# 2011 Federal Budget



## Ben (Apr 9, 2011)

So how much funding is there for rail in the 2011 federal budget?


----------



## afigg (Apr 9, 2011)

The numbers have not been publicized yet as far as I know. The only info that was posted last night was that $1.5 billion was cut from HSIPR (High Speed and Intercity Passenger Rail). This is probably from $2.5 billion which was in the appropriations bill that originally passed the House last fall, so the HSIPR funding for FY2011 may be $1 billion. But I'm just guessing at this point - and after this much last minute deal making, possibly the congressional staff working on the language of the bill to be voted on are scratching their heads today, trying to remember if was this supposed to be $1 billion or was it $2 billion in this paragraph?

No idea how much Amtrak ended up with.

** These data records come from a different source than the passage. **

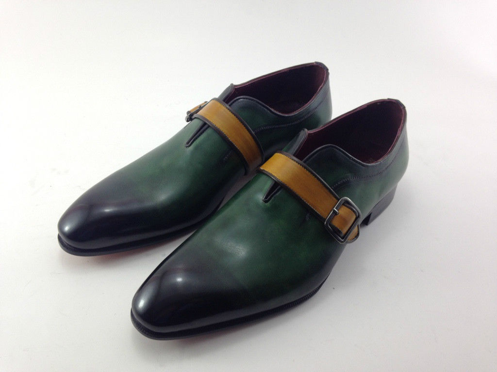 Men's Monk Strap Shoes, Men's Green Leather Dress Shoes
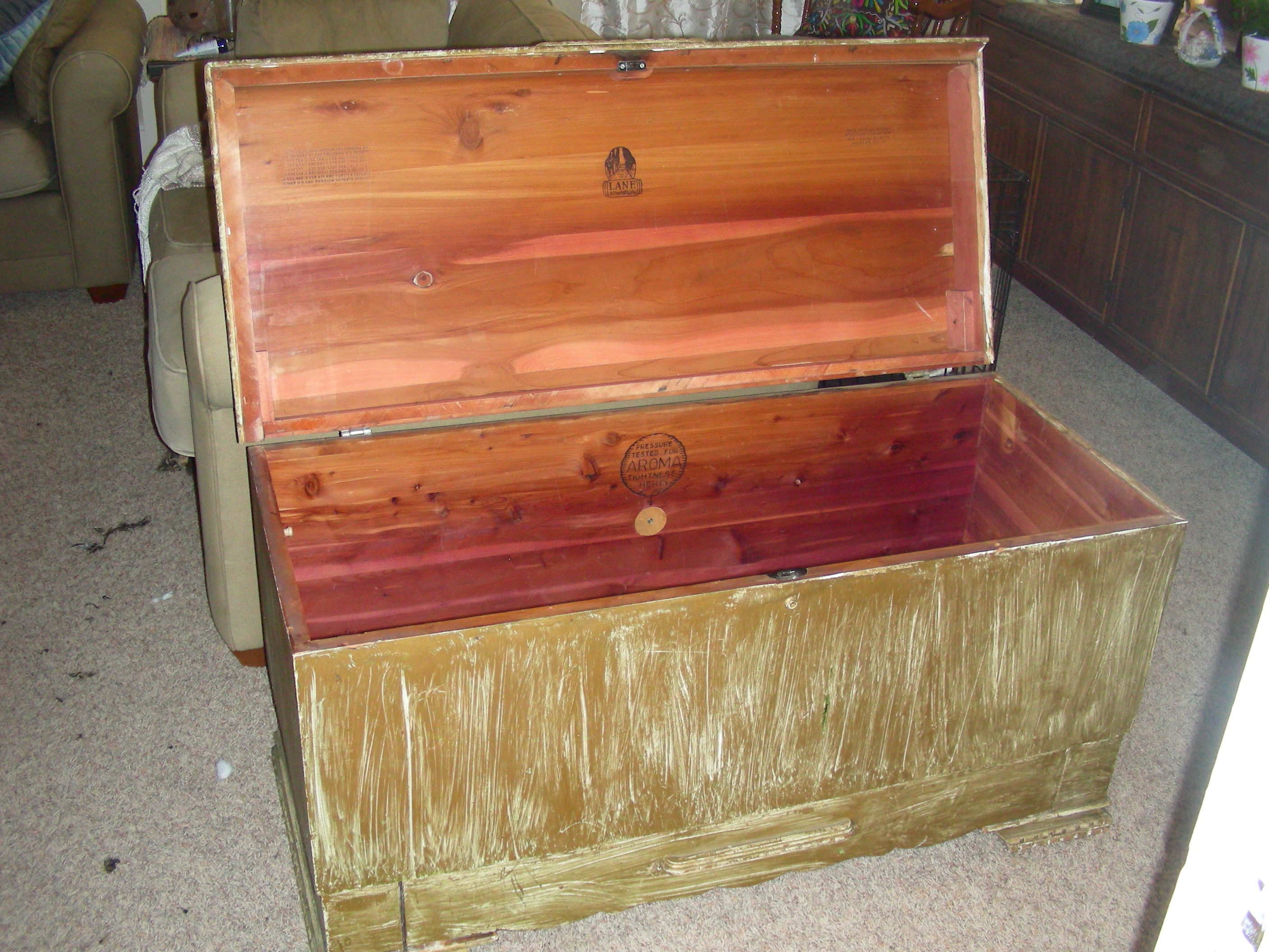 It looks as if it had been painted. There is a pull out dawer at the bottom of chest.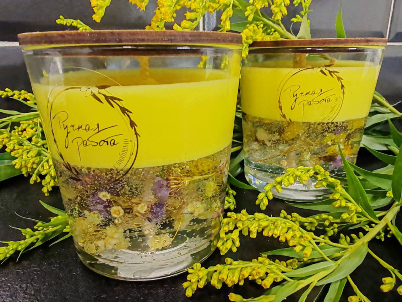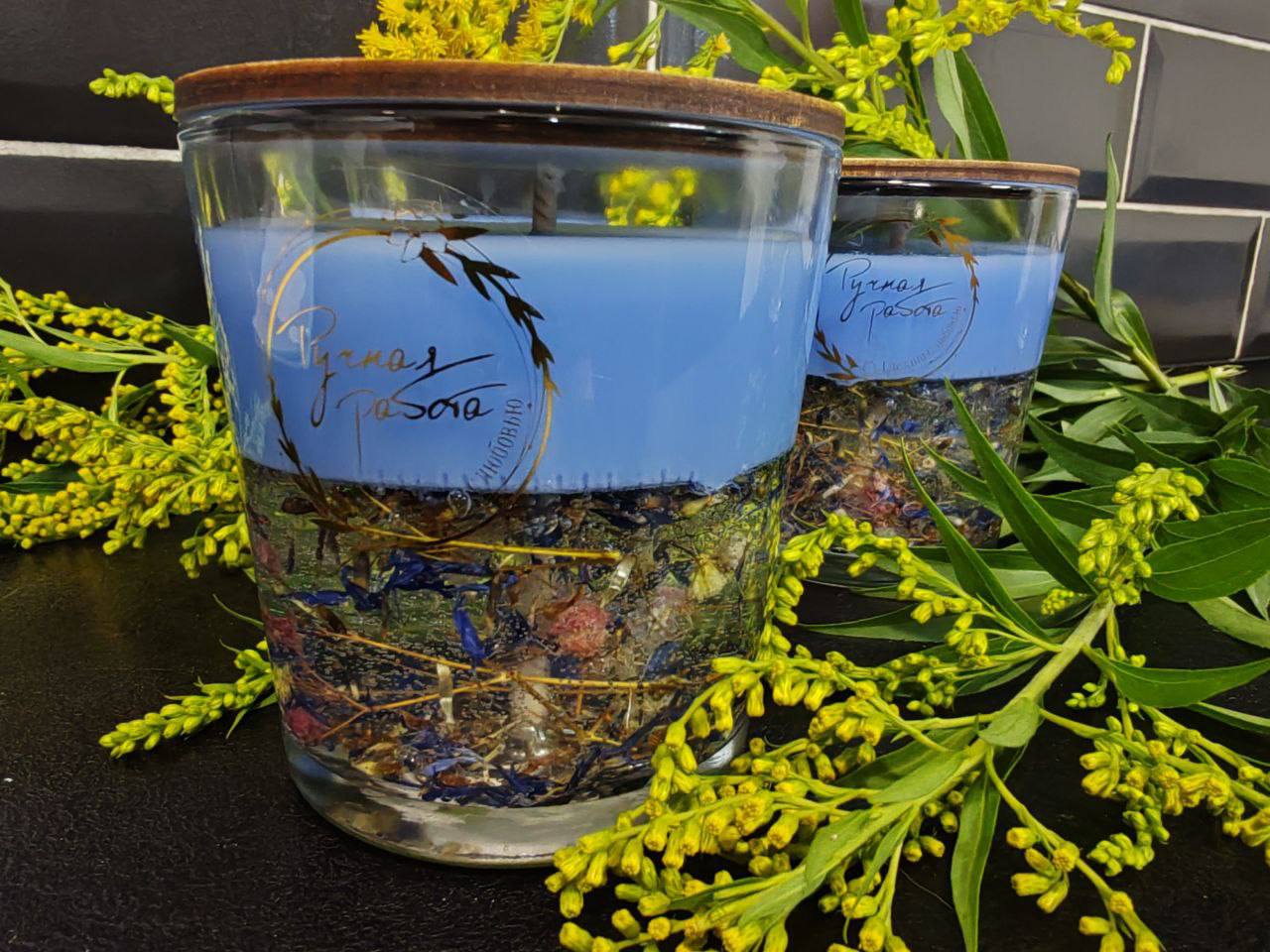 Авторская свеча ручной работы, в которой сочетаются мягкий аромат, эстетика природы и уют домашнего тепла. В нижнем слое — прозрачный гель с настоящими сухоцветами, бережно сохранёнными в смоле. Верх — бархатный соево-кокосовый воск нежного розового, желтого и синего оттенка который создает атмосферу спокойствия и гармонии.

The FY2011 appropriations bill that almost made through the Senate last December had, IIRC, close to $300 million for Amtrak above the FY2010 amounts for capital funding. But, after the attempts in the House to severely slash the Amtrak funding which failed, don't know where it all ended up. Likely will find out in a few days once the appropriations bill has been posted so the Congresscritters can read it to vote on. However, there is the possibility that the budget deal that was struck last night won't get passed by the House.


----------